В одиннадцатом часу вечера народ разошелся по своим комнатам и квартира угомонилась, Еще некоторое время из–за дверей доносилось бубнение телевизоров, но затем окончилось и оно. Наступила пора вещей.
4
Впрочем, двенадцатая квартира еще не спала, а только–только собиралась на боковую. Юлия Голова сидела за туалетным столиком, приготавливая себя на ночь, Любовь стелила постели, а Петр медленно, с отвращением раздевался. У Валенчиков было так: Вера уже лежала в постели, положив на лицо газету, а Генрих Иванович, низко–низко склонясь над обеденным столом, слышно царапал пером бумагу. Фондервякин сидел перед выключенным телевизором и вырезал из резинового коврика прокладки для своих банок. Чинариков читал у себя избранные речи Цицерона, Белоцветов у себя — «Вестник фармакологии», Анна Олеговна чем–то неприятно шуршала за старинной китайской ширмой, которой она на ночь отгораживалась от Мити, Митя же торчал за своим столом и опять колдовал над какими–то стеклышками, детальками и разноцветными проводками.

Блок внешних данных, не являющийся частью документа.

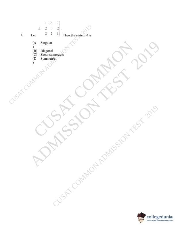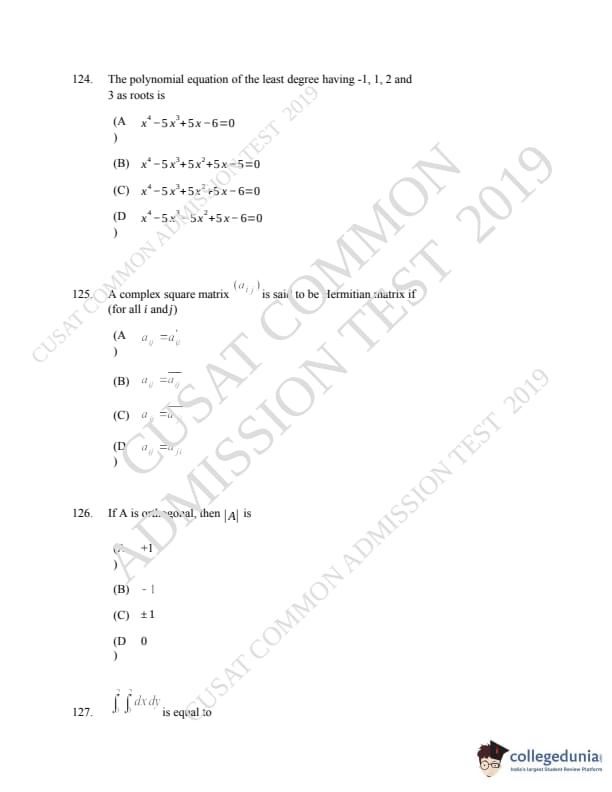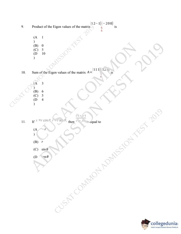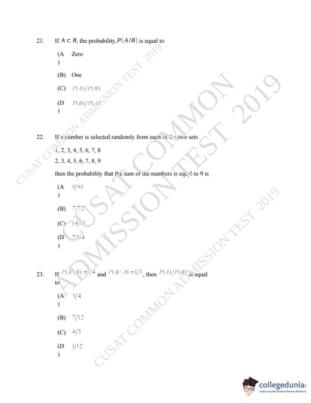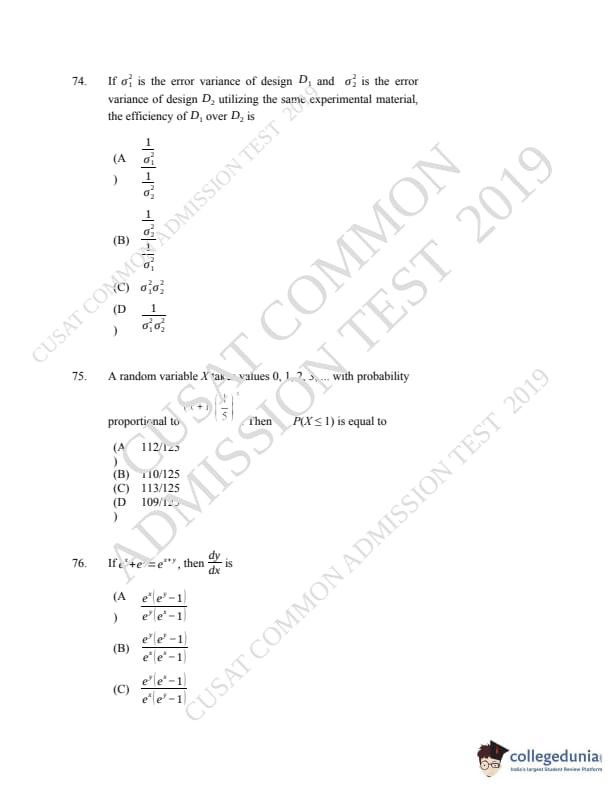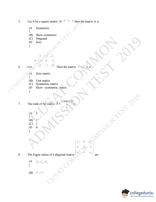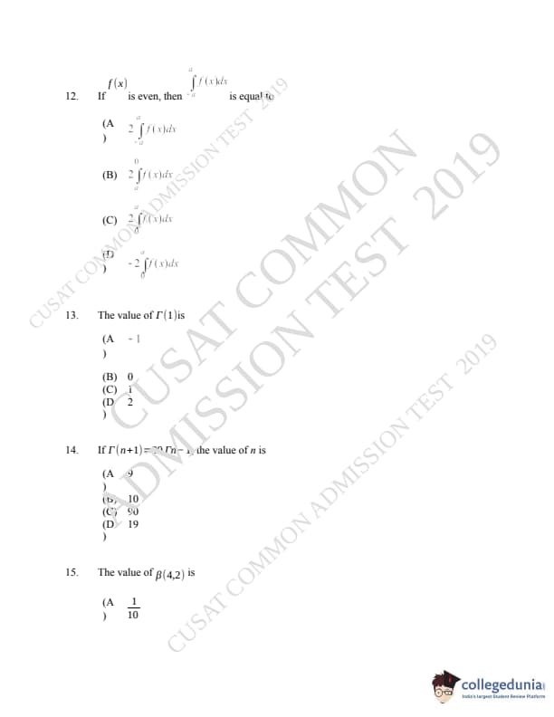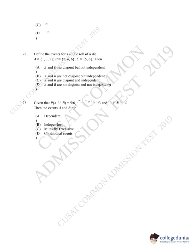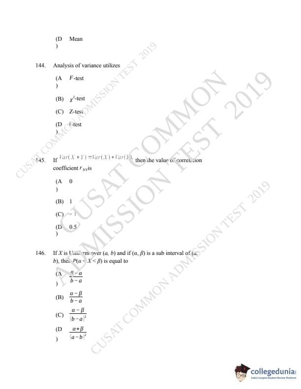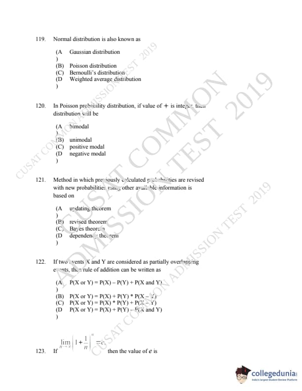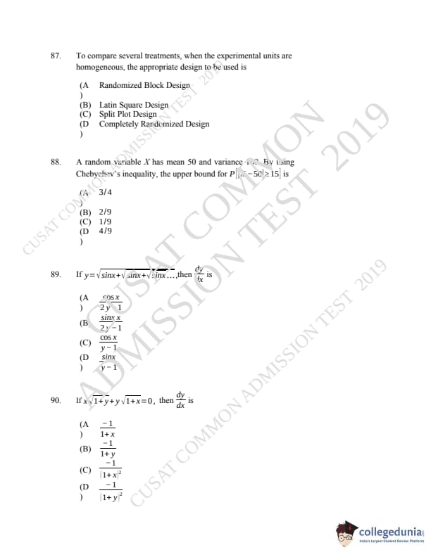 | CUSAT CAT 2019 M.Sc Statistics Question Paper PDF | CUSAT CAT 2019 M.Sc Statistics Answer Key PDF |

Что касается Александры Сергеевны Пумпянской, то она просто сидела на стуле посреди комнаты, скуки ради припоминая один давний вечер: год то ли двенадцатый, то ли тринадцатый — довоенный, она еще юна, еще живы отец, мать, братья; вся семья собралась в столовой за чашкой чая; поздний вечер, столовая наполнена ровным зеленым светом, потому что электрическая лампочка оправлена в люстру аквамаринового стекла, сановито тикают напольные часы, поднесенные отцу на какой–то юбилей его педагогической деятельности, изредка позванивают в кузнецовских чашках серебряные ложечки, за окном воет ветер; Сергей с Владимиром играют в маджонг, а Георгий читает вслух Тэффи, держа в левой руке подсвечник в виде выеденного яйца с полупрозрачным стеариновым огарком, и давится смехом через каждые десять слов… — господи, какое чудесное, какое родное воспоминание!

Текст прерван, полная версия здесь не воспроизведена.